Copy out the records in full, word for word, without pictures.

··· Records for the task

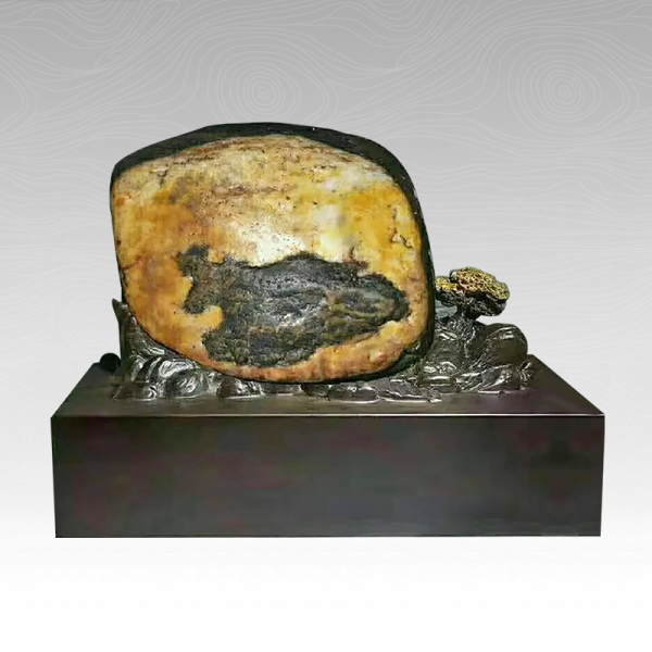 这是一方长江天然画面奇石,一头黑牛静卧其中,此牛大小比例协调,卧姿形神兼备憨态可掬,仿佛正在蓄势待发,给人一种沉稳,低调,大气之势。画面干净整洁对比度清晰四周均无多余杂乱之线条,极大的烘托出了中国“牛”之意境,催人奋进的思想主题。经石友点评发现石中卧牛与近代国画大师李可染的《耙草歇牛图》有异曲同工之妙,真乃是天工造物令人叹为观止,是一方不可多得极具收藏价值的☆美石!
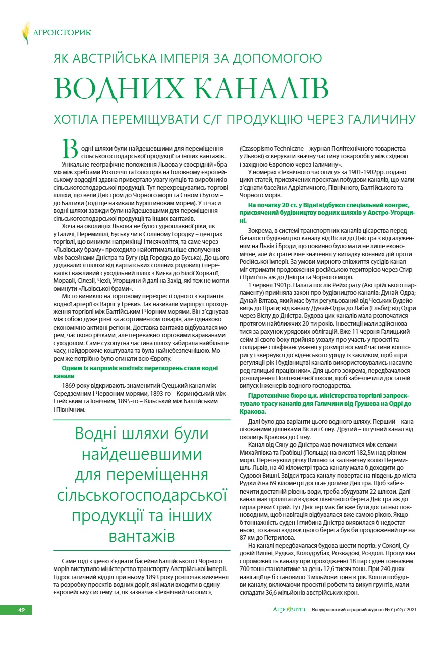 Як Австрійська імперія за допомогою водних каналів хотіла переміщувати с/г продукцію через Галичину
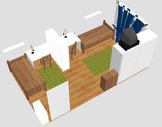 k předělení pokoje je použita police expedit ikea, zatím je víceméně prázdná a propouští světlo.Druhá fotka návrhu je původní stav, další dvě hodím co bych asi tak vymyslela. Do pokoje celý den svítí, takže jsou pořád zatažené závěsy, až někdy odpoledne kolem 15h (jak kdy), je roztahuju. Takže stoly před okny být nemůžou..
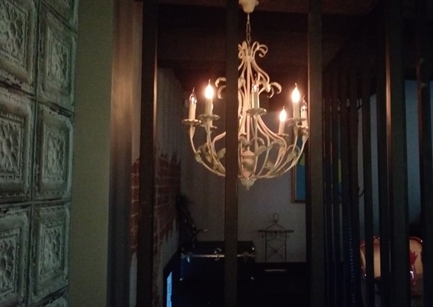 Несмотря на то, что основная «движуха» происходила на первом этаже, нас потянуло на второй, где было тихо и уютно. Интерьер непрозрачно намекает на первое заведение сети — очень похожая обстановка в «Молчанове», даже некоторые картины позаимствовали оттуда. Однако чувствуется, что «33» серьезнее: здесь более просторно и светло, больше внимания уделили отделке стен и полов, вазочки на столы поставили (пусть и не совсем с цветами), потолок без обрывков газет. И получился такой молчановский богемный беспорядок, но уже не «эгегей, падай, дружище, где место найдешь», а «добро пожаловать, присаживайтесь, что будете заказывать». Здесь даже кальянов нет, что меня удивило очень.
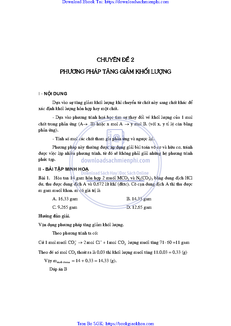 CHUYÊN ĐỀ 2. PHƯƠNG PHÁP TĂNG GIẢM KHỐI LƯỢNG
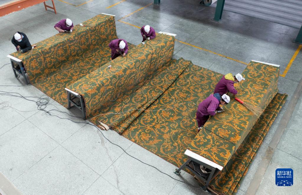 在青海省西宁市圣源地毯集团有限公司生产车间,操作工在为地毯剪花(2月4日摄)。

······

▸ Reply to the task:
 这是一方长江天然画面奇石,一头黑牛静卧其中,此牛大小比例协调,卧姿形神兼备憨态可掬,仿佛正在蓄势待发,给人一种沉稳,低调,大气之势。画面干净整洁对比度清晰四周均无多余杂乱之线条,极大的烘托出了中国“牛”之意境,催人奋进的思想主题。经石友点评发现石中卧牛与近代国画大师李可染的《耙草歇牛图》有异曲同工之妙,真乃是天工造物令人叹为观止,是一方不可多得极具收藏价值的☆美石!
 Як Австрійська імперія за допомогою водних каналів хотіла переміщувати с/г продукцію через Галичину
 k předělení pokoje je použita police expedit ikea, zatím je víceméně prázdná a propouští světlo.Druhá fotka návrhu je původní stav, další dvě hodím co bych asi tak vymyslela. Do pokoje celý den svítí, takže jsou pořád zatažené závěsy, až někdy odpoledne kolem 15h (jak kdy), je roztahuju. Takže stoly před okny být nemůžou..
 Несмотря на то, что основная «движуха» происходила на первом этаже, нас потянуло на второй, где было тихо и уютно. Интерьер непрозрачно намекает на первое заведение сети — очень похожая обстановка в «Молчанове», даже некоторые картины позаимствовали оттуда. Однако чувствуется, что «33» серьезнее: здесь более просторно и светло, больше внимания уделили отделке стен и полов, вазочки на столы поставили (пусть и не совсем с цветами), потолок без обрывков газет. И получился такой молчановский богемный беспорядок, но уже не «эгегей, падай, дружище, где место найдешь», а «добро пожаловать, присаживайтесь, что будете заказывать». Здесь даже кальянов нет, что меня удивило очень.
 CHUYÊN ĐỀ 2. PHƯƠNG PHÁP TĂNG GIẢM KHỐI LƯỢNG
 在青海省西宁市圣源地毯集团有限公司生产车间,操作工在为地毯剪花(2月4日摄)。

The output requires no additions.